Moody’s was the last of the big three rating agencies to maintain the highest rating possible on US sovereign debt. Its decision followed previous moves by Standard and Poor’s and Fitch, who both downgraded the US in 2011 and 2023 respectively.
Despite starting the session lower, US stocks appeared to shrug off the news on Monday, erasing their intraday losses and closing the session relatively flat. The Nasdaq, S&P 500 and Dow Jones all ended the day with gains of 0.02%, 0.09% and 0.32%.
Monday marked a sixth consecutive session of gains for the S&P 500 which, despite the volatility of the last few weeks, currently sits just 3% off its all-time high.
Following Moody’s decision, 30-Year Treasury yields spiked to their highest level since October 2023 during Monday’s session.
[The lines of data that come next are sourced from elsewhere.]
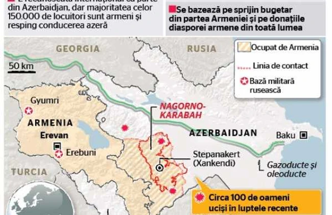 Caucazul de Sud este iarăşi în prag de război. Conflictul din Nagorno Karabah, ce durează de peste 30 de ani a reizbucnit zilele acestea. Există zeci de morţi de ambele părţi, inclusiv civili, deoarece ambele părţi supun bombardamentelor localităţi civile, inclusiv partea azeră a bombardat capitala entităţii nerecunoscute a Karabahului, Stepanakert. Conflictul din Nagorno-Karabah a fost de la bun început cel mai sângeros în comparaţie cu alte conflicte similare din spaţiul post-sovietic. În perioada aşa-numită fierbinte a acestui conflict, adică 1989-1994, au murit în total în jur de 30.000 de oameni.
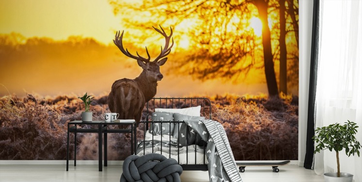 custom stag wallpaper mural called Stunning Red Deer In Morning Sun for bedrooms and living rooms
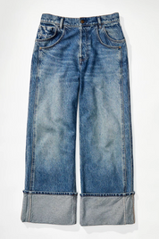 Features: Six-pocket design, sewn cuffed hemlines, zip fly and button closure, lightweight rigid denim
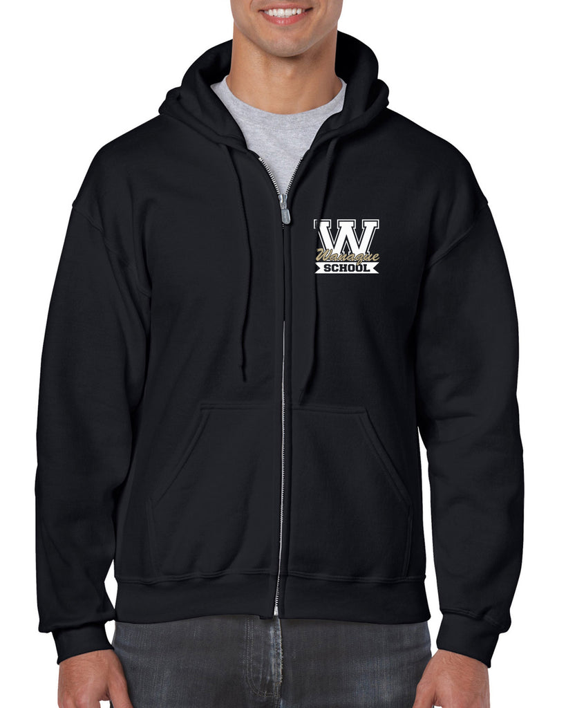 WANAQUE School Black Heavy Blend FULL-ZIP Hoodie w/ Small WANAQUE School "W" 2 color Logo on Front Left Chest.
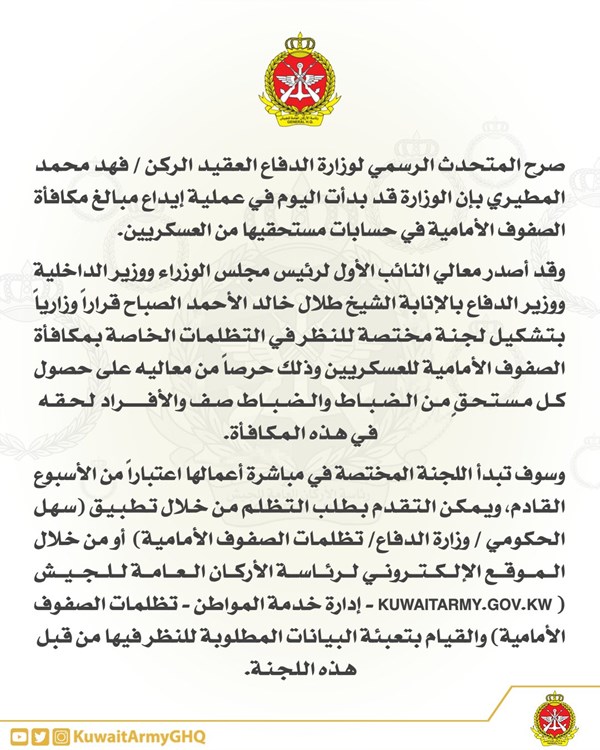 وتبدأ اللجنة المختصة في مباشرة أعمالها اعتباراً من الأسبوع القادم، ويمكن التقدم بطلب التظلم من خلال موقع (سهل الحكومي / وزارة الدفاع/ تظلمات الصفوف الأمامية) أو من خلال الموقع الإلكتروني لرئاسة الأركان العامة للجيش ( kuwaitarmy.gov.kw – إدارة خدمة المواطن – تظلمات الصفوف الأمامية) والقيام بتعبئة البيانات المطلوبة للنظر فيها من قبل هذه اللجنة.
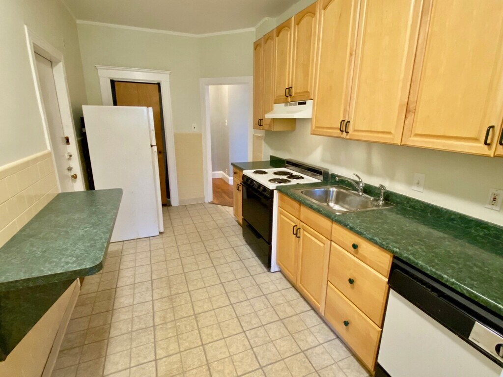 This sunny and large top-floor apartment features large rooms, high ceilings, hardwood floors, and one parking space. Located just off Beacon St. in the Washington Square neighborhood of Brookline, it's just a short walk to the T, supermarket, restaurants and shops.
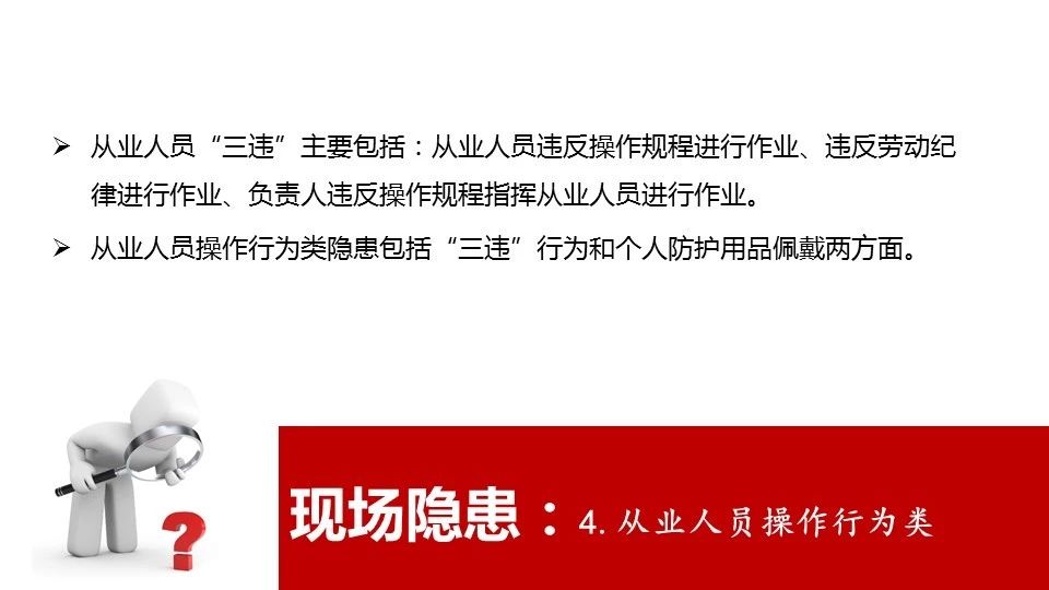 23 | 進行爆破、吊裝以及國務(wù)院安全生產(chǎn)監(jiān)督管理部門會同國務(wù)院有關(guān)部門規(guī)定的其他危險作業(yè),未安排專門人員進行現(xiàn)場安全管理的 |
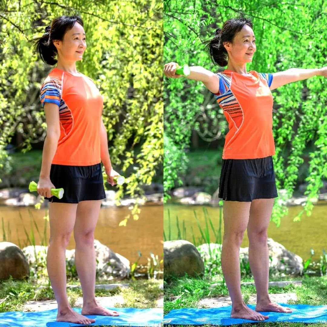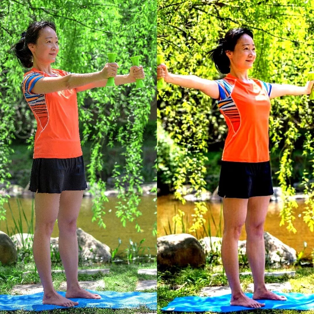 下扣双腕、屈双肘,沿体侧上抬举至平肩,保持动作不变形的情况下,慢慢恢复到起始。平举时吐气,回落时吸气。
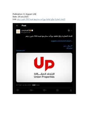 Publication: X- Argaam UAE Date: 29 July 2025 ّ Link: مهرد نويلم 700 ةميقب اهعيراشم دحأ عيب ةيقافتا عقوت ةيراقعلا داحتلاا
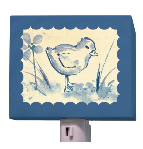 This Oopsy Daisy "Toile Chickie" nightlight brings a beautiful and simple image of a little chick in a garden; an attractive image in blue for your little nature lover's room. This nightlight can be easily wiped clean with a soft, dry cloth and is ideal for your child's room as it does not have a glass surface to break. You can personalize the nightlight with your child's name or any other word or phrase like "Good Night". This nightlight is designed by Heather Gentile Collins, whose biography is included with each unit. Features: Made up of canvas Personalized nightlight Easy to clean Dimension : 4.78" x 4" Made in the USA The Oopsy Daisy collection donates a portion of their annual sales to charities that directly assist children. This piece is custom made to order and ships directly from the designer.
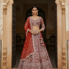 The Crimson Darbar Hand-Embroidered Bridal Lehenga Set is a tribute to classic royal bridal elegance. Crafted in a deep crimson hue, this lehenga showcases elaborate hand embroidery with traditional architectural and floral motifs, highlighted by finely detailed borders that create a grand, regal silhouette.
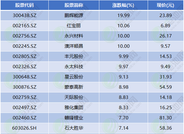 23日鋰電池板塊走強 鵬輝能源上漲19.99%
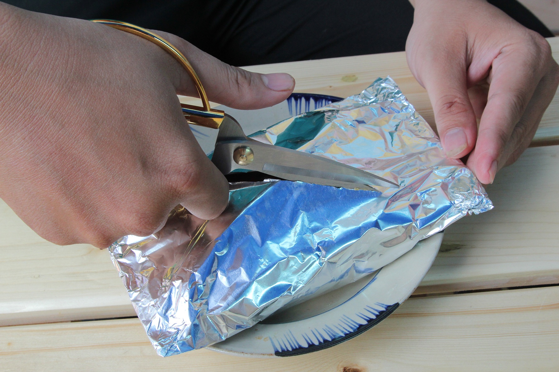 Quán dọn nguyên gói nên nếu đang nhâm nhi dỡ những món nướng khác, bạn cứ "giữ nguyên hiện trường", món ăn sẽ nóng sốt trong thời gian nhất định. Song rất ít thực khách thực hiện điều này. Ngay khi gói cua xuất hiện, những tiếng sột soạt của kéo cắt giấy bạc sẽ vang lên, làn khói thơm lừng sẽ lan tỏa, rồi con cua đỏ au đầy mời hiện ra.

However, throughout the day they retreated significantly from these levels. Bond yields move inversely to price, so rising yields indicate selling pressure.
Consumer Sentiment Slides Lower
The University of Michigan Index of Consumer Sentiment edged down in May, as the index fell to its lowest level in three years.
The preliminary reading, released on Friday, showed that US consumer sentiment had declined for the fifth consecutive month, with the index falling to 50.8, its lowest reading since July 2022.
The survey revealed that US consumers are concerned that US trade policy will lead to higher inflation, with three quarters of respondents specifically mentioning tariffs. However, it’s worth noting that the survey was conducted before the US and China announced a 90-day pause on a range of tariffs between each other.
This latest data regarding consumer sentiment followed news earlier last week that US annual inflation had unexpectedly cooled to 2.3% in April.
UK GDP Grows More than Expected
On Thursday, the Office of National Statistics (ONS) announced that the UK economy is estimated to have grown by 0.7% in the first quarter.
Not only was this figure significantly higher than the 0.1% recorded the previous quarter, but it was also higher than had been anticipated by economists.
First quarter growth was powered by the services sector and an increase in investment. Net trade also had a positive impact, with export volumes increasing 3.5%, suggesting that activity may have been brought forward in an attempt to avoid tariffs.
This week, on Wednesday, the ONS will release UK inflation data for April, in which headline inflation is expected to have accelerated.